Des permanences y sont aussi assurées par d'anciens juges du tribunal de commerce, tous chefs d'entreprise, pour dédramatiser le dépôt de bilan. « C'est un triple traumatisme, personnel, financier et professionnel. L'entrepreneur est assailli par la honte de s'être trompé et d'avoir trompé », prêche Philippe Rambaud. Après une belle carrière d'un quart de siècle chez Danone, il a vécu une telle expérience en 2007 avec la société PH@auto-Assistance (spécialisée dans le marketing à l'exportation) qu'il avait créée 7 ans plus tôt. Mais l'homme qui n'était pas de nature à se laisser anéantir durablement - il confie avoir été aidé par son épouse qui fait du coaching et par un psychothérapeute qui lui a fait retracer tous les succès et les échecs de sa vie - a créé l'association 60 000 rebonds.

Échec et rebond

60 000, c'est le nombre d'entreprises qui défaillent chaque année en France où l'échec est mal vu, contrairement aux États-Unis. Et selon une étude de la Commission européenne, c'est en France que le délai entre l'échec et le rebond est le plus long : 8 ans. Rebondir comme salarié, quand un patron a perdu son emploi, est compliqué comme l'atteste Dimitri Pivot, le président de Second Souffle, autre association d'entraide. Lancée en 2010 à Paris, elle a essaimé à Lyon (en 2012), Rennes (août 2013) et bientôt à Lille. « Avec l'APEC (Ndlr : Association pour l'emploi des cadres), nous avons mis en place des ateliers pour redonner confiance en soi », annonce ce trentenaire. Ancien directeur des achats dans une grande entreprise, il s'était mis à son compte en 2000 en fondant à Châteauroux, une menuiserie spécialisée dans le mobilier pour enfants qu'il s'est résolu à brader en 2005 après une tentative malheureuse de développement, sous forme de franchise.
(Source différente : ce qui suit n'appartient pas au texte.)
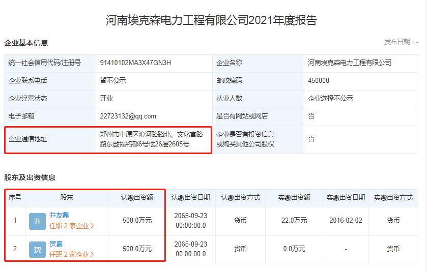 在經營了6年後,2022年4月,井友鼎、賀崑將河南埃克森股權轉讓給了付勇,2022年6月,付勇將河南埃克森註冊地由鄭州市中原區沁河路路北、文化宮路路東啟福銘都6號樓26層2605遷走,隨後的2022年11月又將河南埃克森註銷。

« J'ai alors envoyé des centaine de CV sans la moindre réponse. C'est en supprimant mon expérience de chef d'entreprise que j'ai réussi à me faire embaucher. Un profil d'entrepreneur fait peur », assure-t-il. Deux autres associations, Sos Entrepreneurs et Re-créer apportent leur soutien aux entrepreneurs en phase d'échec. Toutes les quatre, qui agissent de façon complémentaire, ont constitué un groupement d'intérêt associatif baptisé Portail du rebond des entrepreneurs. En janvier dernier, Fleur Pellerin, alors ministre déléguée aux PME, à l'Innovation et à l'Economie numérique, avait signé une charte du rebond avec ces associations et annoncé un « plan pour le droit à la seconde chance ». Pas à pas, les mentalités évoluent.